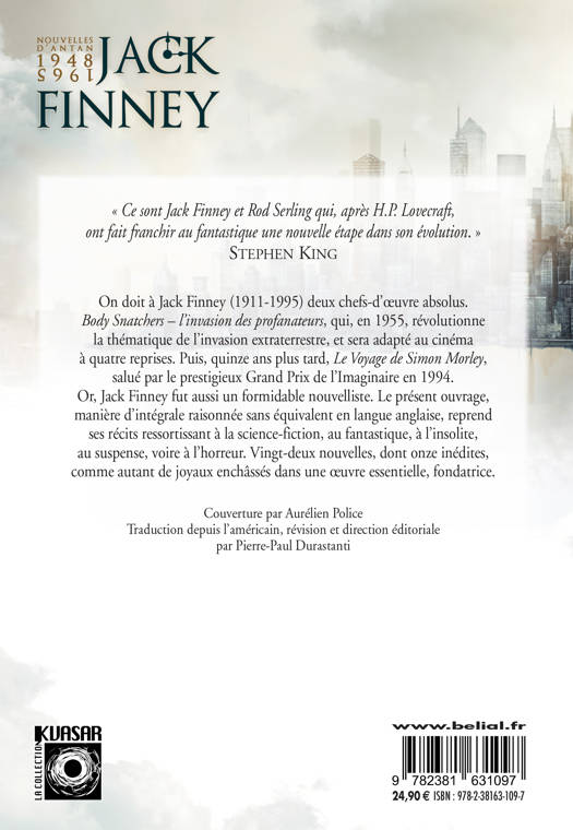 Or, Jack Finney fut aussi un formidable nouvelliste. Le présent ouvrage, manière d'intégrale raisonnée sans équivalent en langue anglaise, reprend ses récits ressortissant à la science-fiction, au fantastique, à l'insolite, au suspense, voire à l'horreur. Vingt-deux nouvelles, dont onze inédites, comme autant de joyaux enchâssés dans une oeuvre essentielle, fondatrice.
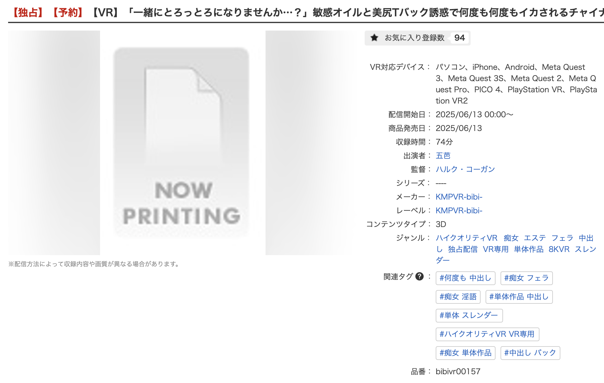 因为发行这支vr片的KMPVR就是家不养唯一女优的片商这么久,然后五芭如果还是タッカーズ(攻击者)的人是不会去那儿拍vr片的,所以答案只有一个,就是,五芭被タッカーズ(攻击者)放生惹~
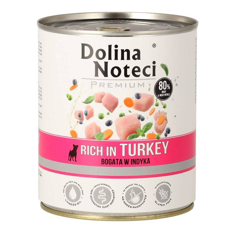 Karma Dolina Noteci Premium bogata w indyka jest pełnoporcjową karmą przeznaczoną dla dorosłych psów wszystkich ras, pokrywającą w 100% ich dzienne zapotrzebowanie na wszystkie składniki odżywcze, w tym również witaminy i minerały. Dzięki dodatkom surowców stanowiących źródło substancji biologicznie czynnych, karma stanowi ciekawe rozwiązanie w żywieniu dorosłego psa, zgodne ze współczesnymi zaleceniami żywieniowymi. Szczególny nacisk został położony na utrzymanie prawidłowej proporcji między wapniem a fosforem.
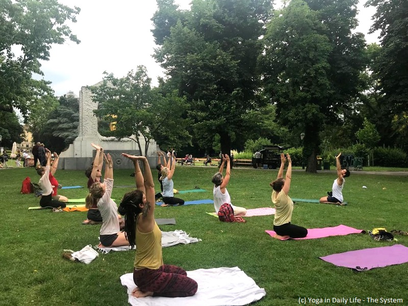 In the Vienna City Park, near the famous monument of Johann Strauss, there was free yoga in the meadow.

+ + +

Leave the pictures out and set down the rest of the listing above exactly.

 Or, Jack Finney fut aussi un formidable nouvelliste. Le présent ouvrage, manière d'intégrale raisonnée sans équivalent en langue anglaise, reprend ses récits ressortissant à la science-fiction, au fantastique, à l'insolite, au suspense, voire à l'horreur. Vingt-deux nouvelles, dont onze inédites, comme autant de joyaux enchâssés dans une oeuvre essentielle, fondatrice.
 因为发行这支vr片的KMPVR就是家不养唯一女优的片商这么久,然后五芭如果还是タッカーズ(攻击者)的人是不会去那儿拍vr片的,所以答案只有一个,就是,五芭被タッカーズ(攻击者)放生惹~
 Karma Dolina Noteci Premium bogata w indyka jest pełnoporcjową karmą przeznaczoną dla dorosłych psów wszystkich ras, pokrywającą w 100% ich dzienne zapotrzebowanie na wszystkie składniki odżywcze, w tym również witaminy i minerały. Dzięki dodatkom surowców stanowiących źródło substancji biologicznie czynnych, karma stanowi ciekawe rozwiązanie w żywieniu dorosłego psa, zgodne ze współczesnymi zaleceniami żywieniowymi. Szczególny nacisk został położony na utrzymanie prawidłowej proporcji między wapniem a fosforem.
 In the Vienna City Park, near the famous monument of Johann Strauss, there was free yoga in the meadow.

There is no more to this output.